Mr. YOUNG. Damned right. You know, every time I hear of one of those institutes it makes me so mad that I almost turn green. The farmers out there can not make a living, and they are out there telling them that the only solution to their problem is more efficient production.

I have talked with Dean Christiansen a good many times, and he promised me that he was going to go out after this marketing proposition, but the fact of the business is that he has been there now for pretty nearly a year and he has not done anything. We have just got to eliminate that class of fellows in the State of Wisconsin, that is all.

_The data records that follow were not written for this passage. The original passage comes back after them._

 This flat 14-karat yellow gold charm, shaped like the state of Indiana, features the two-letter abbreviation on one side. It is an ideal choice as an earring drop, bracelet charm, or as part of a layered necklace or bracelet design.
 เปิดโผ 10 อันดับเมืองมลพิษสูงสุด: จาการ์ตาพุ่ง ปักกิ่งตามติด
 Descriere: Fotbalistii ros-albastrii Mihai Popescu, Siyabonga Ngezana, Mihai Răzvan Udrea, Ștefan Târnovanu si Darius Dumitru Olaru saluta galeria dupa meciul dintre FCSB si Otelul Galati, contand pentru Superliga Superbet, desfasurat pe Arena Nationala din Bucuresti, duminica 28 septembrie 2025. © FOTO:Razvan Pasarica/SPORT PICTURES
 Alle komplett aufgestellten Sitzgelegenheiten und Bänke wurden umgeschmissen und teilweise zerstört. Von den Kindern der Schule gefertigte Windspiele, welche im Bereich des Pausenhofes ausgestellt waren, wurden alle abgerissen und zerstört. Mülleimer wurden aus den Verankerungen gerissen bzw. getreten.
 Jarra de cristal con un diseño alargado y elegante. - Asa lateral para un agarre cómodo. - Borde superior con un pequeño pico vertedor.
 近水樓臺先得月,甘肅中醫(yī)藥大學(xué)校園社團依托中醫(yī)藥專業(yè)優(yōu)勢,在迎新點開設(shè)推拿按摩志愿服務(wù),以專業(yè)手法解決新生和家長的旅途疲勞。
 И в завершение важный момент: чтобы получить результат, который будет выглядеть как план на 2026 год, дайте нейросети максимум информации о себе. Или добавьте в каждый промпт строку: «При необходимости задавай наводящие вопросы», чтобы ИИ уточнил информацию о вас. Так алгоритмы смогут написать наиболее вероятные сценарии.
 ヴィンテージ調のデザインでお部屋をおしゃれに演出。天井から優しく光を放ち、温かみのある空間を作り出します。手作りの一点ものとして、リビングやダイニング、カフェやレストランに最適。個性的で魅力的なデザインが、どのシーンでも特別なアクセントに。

We are going to have to eliminate that whole cockeyed system sooner or later.

Senator THOMAS of Oklahoma. You would agree, would you not, that more efficient production would cause the farmer to lose less? Mr. YOUNG. No, sir; I will not. More efficient production will cause him to lose more-just the reverse.

Senator THOMAS of Oklahoma. I believe I disagree with you on that because, if he can produce a bushel of wheat for less than he produces it now, he would lose less when he sold it, because it did not cost him as much-but I will not go into that.

Mr. YOUNG. I can argue with you on that.

Mr. SIMPSON. The price might go down when he produced more. Senator FRAZIER. Of course the price would go down if you produced more. If you had more efficient production, your price would go down.

Mr. YOUNG. Certainly.

Senator FRAZIER. If you have a loss on one bushel under the present conditions, and produced two bushels, you would lose still more. Mr. YOUNG. Yes, Senator.